La carrière universitaire de LJ étant terminée, les Hornets le récupérèrent lors de la Draft 1991. Il ne participa pas au camp d'entraînement mais signa ensuite un contrat de 19,9 millions de dollars sur 6 ans. L'agent sportif George Bass se souvient: "On a pris l'avion jusqu'à Charlotte puis on a été escorté par le Police jusqu'au Coliseum (la salle où jouaient les Charlotte Hornets, NdT) pour signer le contrat. Ensuite Larry a pris un second avion pour Boston, s'est mis en tenue, et a joué contre les Celtics dans le match d'ouverture de la saison."
Et LJ, qui marqua 14 points ce soir-là, fit bien plus qu'une apparition symbolique, comme le rappelle son coéquipier Kendall Gill: "Larry Bird défendait sur lui au poste bas, et LJ s'est retourné avec les coudes levés et en a mis un coup dans le menton de Bird.

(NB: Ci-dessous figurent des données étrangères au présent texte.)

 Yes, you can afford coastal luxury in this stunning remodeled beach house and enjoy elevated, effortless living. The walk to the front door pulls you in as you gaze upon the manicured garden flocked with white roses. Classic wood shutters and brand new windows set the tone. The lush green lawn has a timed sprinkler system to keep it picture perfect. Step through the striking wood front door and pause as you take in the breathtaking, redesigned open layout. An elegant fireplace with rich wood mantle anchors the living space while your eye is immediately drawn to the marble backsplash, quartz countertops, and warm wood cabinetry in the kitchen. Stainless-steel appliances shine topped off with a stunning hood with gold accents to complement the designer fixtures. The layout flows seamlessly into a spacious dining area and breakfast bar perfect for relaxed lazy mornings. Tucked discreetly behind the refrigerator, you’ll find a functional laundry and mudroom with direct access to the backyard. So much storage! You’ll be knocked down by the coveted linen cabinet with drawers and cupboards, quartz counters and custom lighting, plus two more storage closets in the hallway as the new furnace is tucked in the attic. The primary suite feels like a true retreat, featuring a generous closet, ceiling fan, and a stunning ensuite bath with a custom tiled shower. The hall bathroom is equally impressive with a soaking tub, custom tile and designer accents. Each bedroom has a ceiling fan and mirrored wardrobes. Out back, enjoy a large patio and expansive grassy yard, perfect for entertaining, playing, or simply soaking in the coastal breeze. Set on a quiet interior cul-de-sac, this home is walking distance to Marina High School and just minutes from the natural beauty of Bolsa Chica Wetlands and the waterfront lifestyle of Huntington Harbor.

Après ça Bird n'a plus défendu sur lui de tout le match. Et là on parle bien d'un gars qui jouait son premier match et d'un autre qui était une légende reconnue."

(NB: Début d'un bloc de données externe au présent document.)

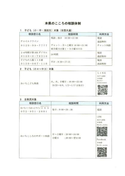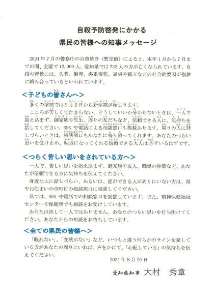 台風10号の進路予報が気になるところですが間もなく夏休みが終わります。9月からの学校生活の再開にあたり愛知県知事からメッセージが届いてます。9月からも元気に登校してくることを楽しみにしています。
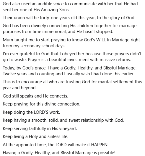 This is to encourage all who are trusting God for marital settlement this year and beyond.
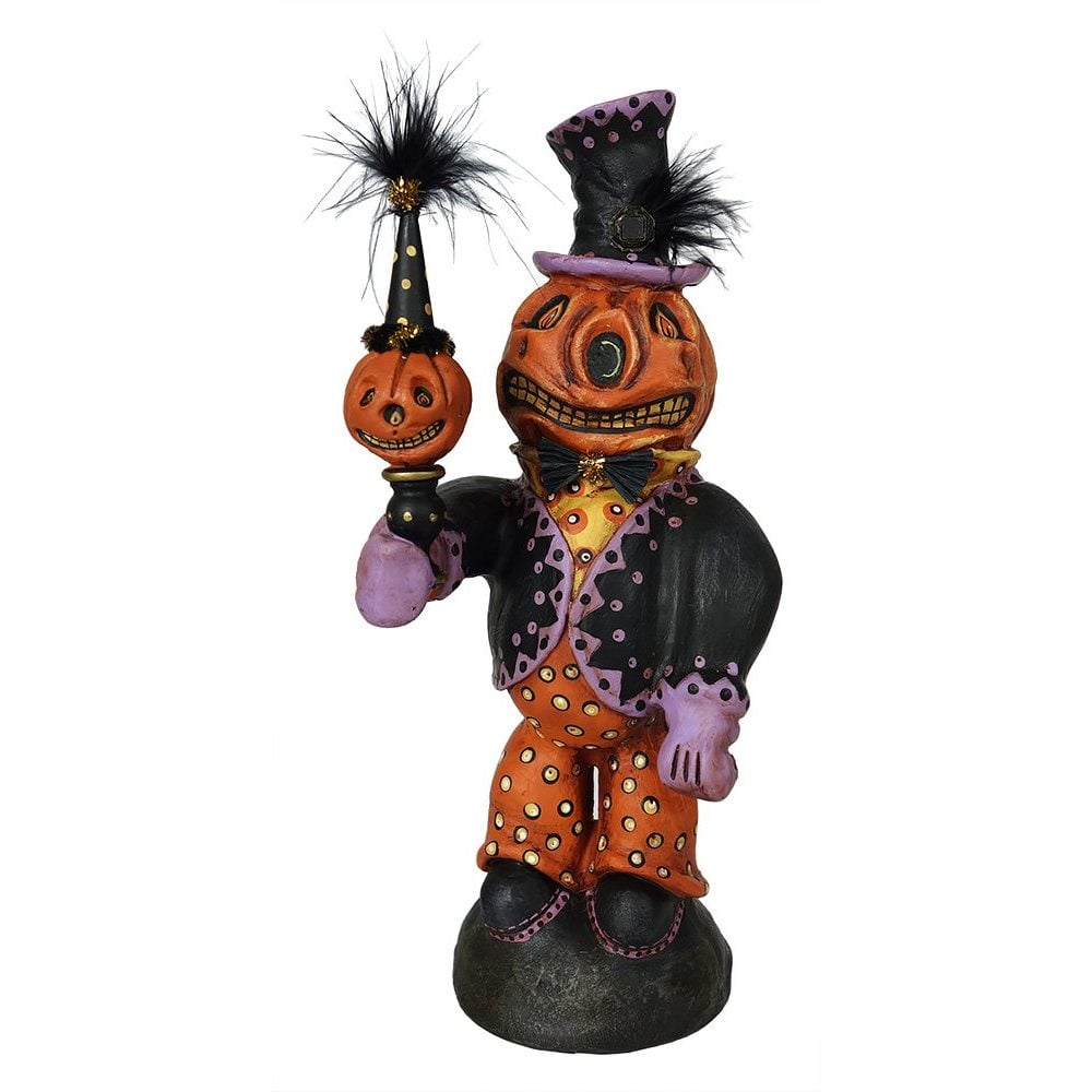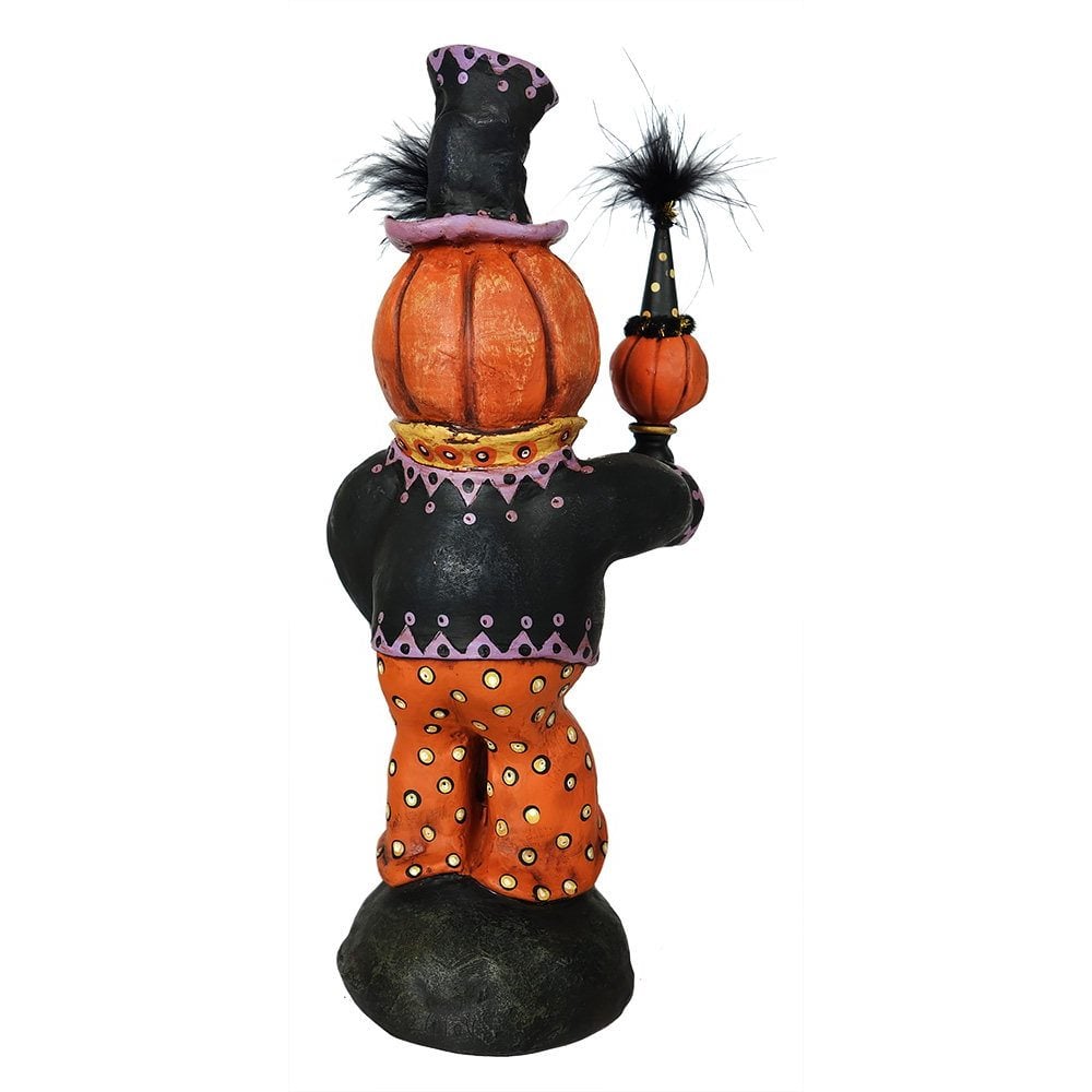A Chuck McClenning design for ESC & Company. Always one to be the life of the party, The Mayor knows how to make a grand entrance. His spotted orange trousers and fun purple and black jacket with matching gloves let you know that this guy if fun! He's got this weird quirk though where all his proclamations are made through his mini pumpkin head statuette!
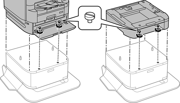 Uzmanīgi novietojiet printeri vai papildu papīra kaseti uz korpusa, līdzinot stūrus, un pēc tam nostipriniet tos ar skrūvēm.

Cette action était une affirmation claire que Johnson faisait partie de l'élite dès son arrivée. Il termina sa saison rookie à 19,2 points et 11 rebonds par match et le titre de Rookie de l'Année en poche. "Il était inarrêtable dans la raquette," raconte Gill. "Il était tellement puissant et il avait tellement de mouvements différents que personne ne pouvait rien faire contre lui au poste bas. Quiconque veut apprendre les fondamentaux du jeu dos au panier devrait décortiquer les mouvements de Larry, qui lui permettaient tous les soirs de marquer contre des gars de 2m10 alors qu'il ne faisait que 2m. Cette combinaison de fondamentaux, de force, de cœur et de volonté était surréaliste. Son jeu était plein de grâce, très beau à regarder, et c'était incroyable à observer de près jour après jour."

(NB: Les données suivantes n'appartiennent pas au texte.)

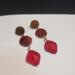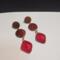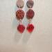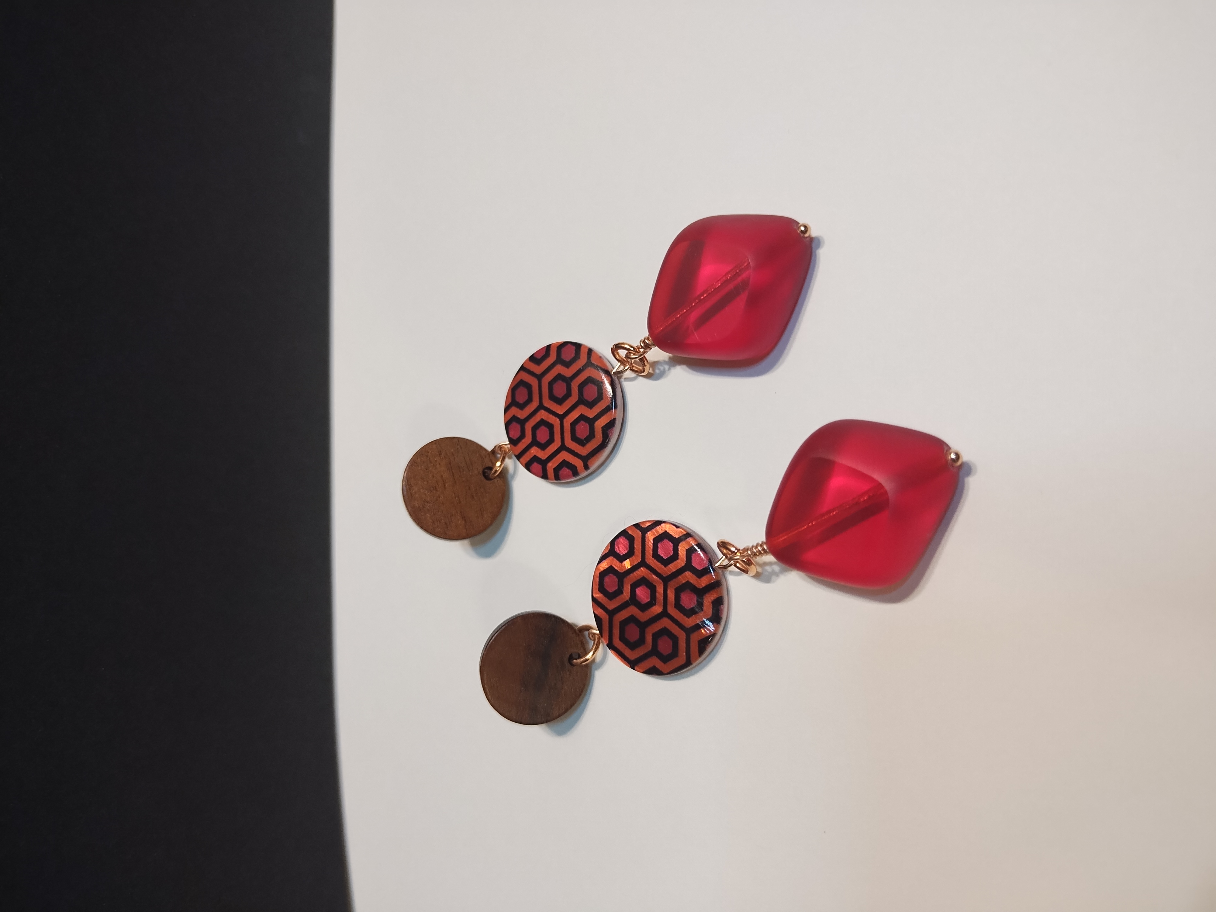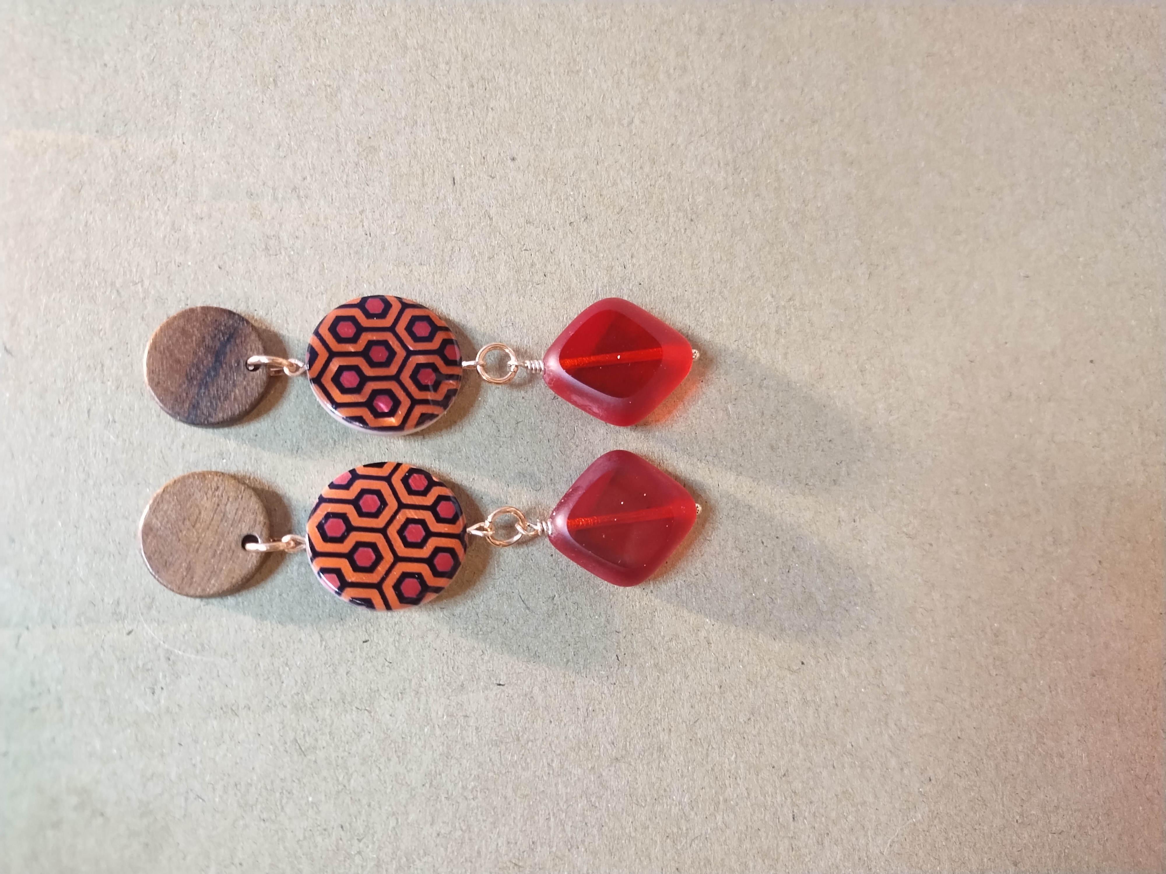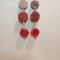 These striking, retro themed dangle earrings measure almost 3 inches long, feature red Czech glass retro diamond shaped drops, retro patterned discs, and a wooden disc with post ear hardware.
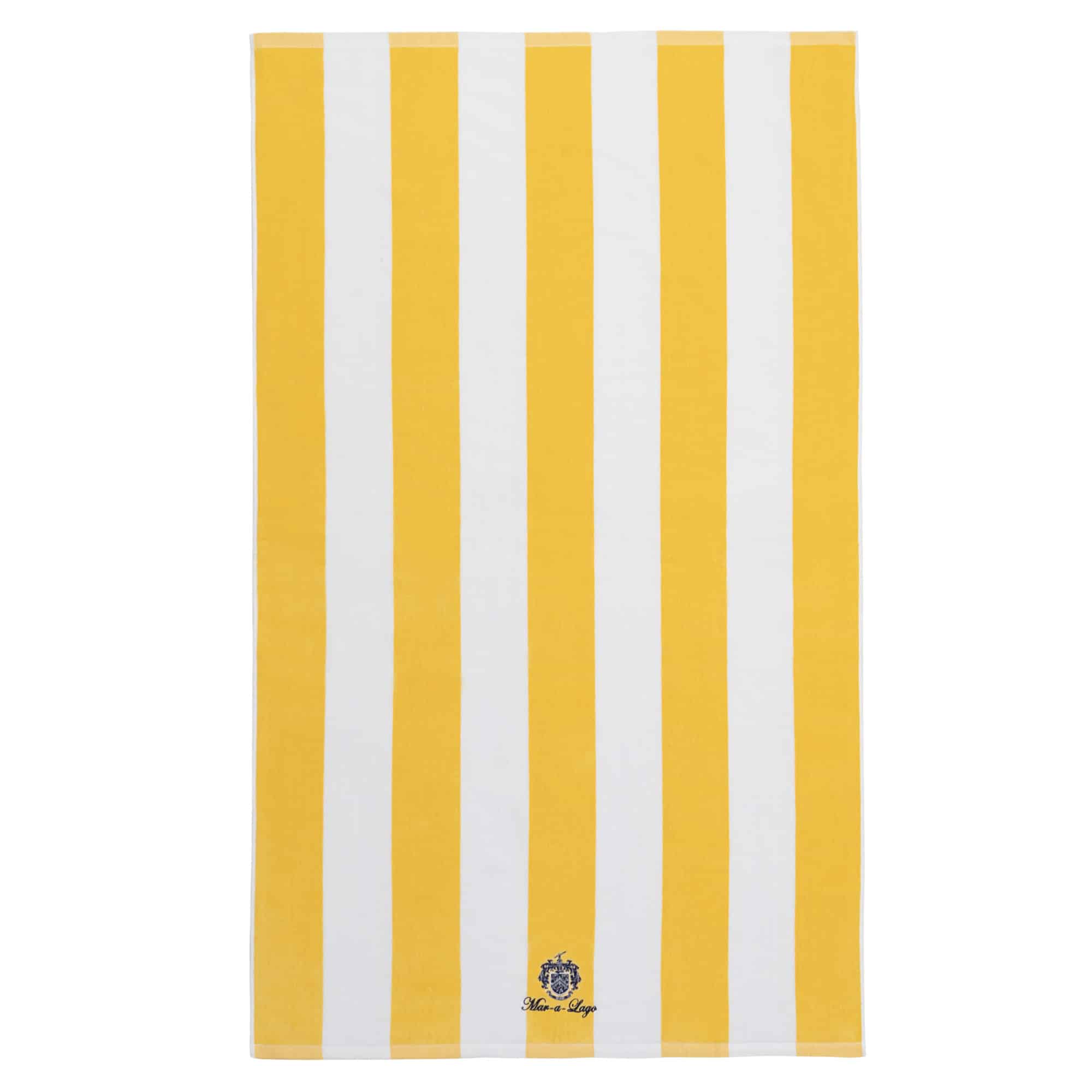 Wrap up poolside or on the beach with a fluffy and cozy beach towel inspired by the luxurious experience at the Mar-a-Lago Beach Club. The classic yellow and gold is a Mar-a-Lago staple, and the classic MAL logo.

En dehors du terrain, Johnson signa un contrat avec Converse, qui lança peu après la campagne de publicité avec "Grandmama", le mettant en scène habillé en vieille dame. C'était une vision abracadabrante provenant d'une autre vision abracadabrante, l'attrait de LJ venait en effet en partie du fait que voir un gars aussi costaud sauter si haut et dunker si fort faisait se frotter les yeux pour arriver à y croire. Ajoutez-y une robe, une perruque de bigote et des lunettes cul-de-bouteille et vous obtenez une série de spots de pubs mémorables. La mère de Johnson fut abasourdie quand elle vit Grandmama pour la première fois. "Je n'arrivais pas à croire à quel point Larry ressemblait à ma mère habillé comme ça," se souvient-elle dans un éclat de rire. C'était certainement la pub la plus populaire et la plus connue de l'époque. Mais c'était en fait une campagne de secours.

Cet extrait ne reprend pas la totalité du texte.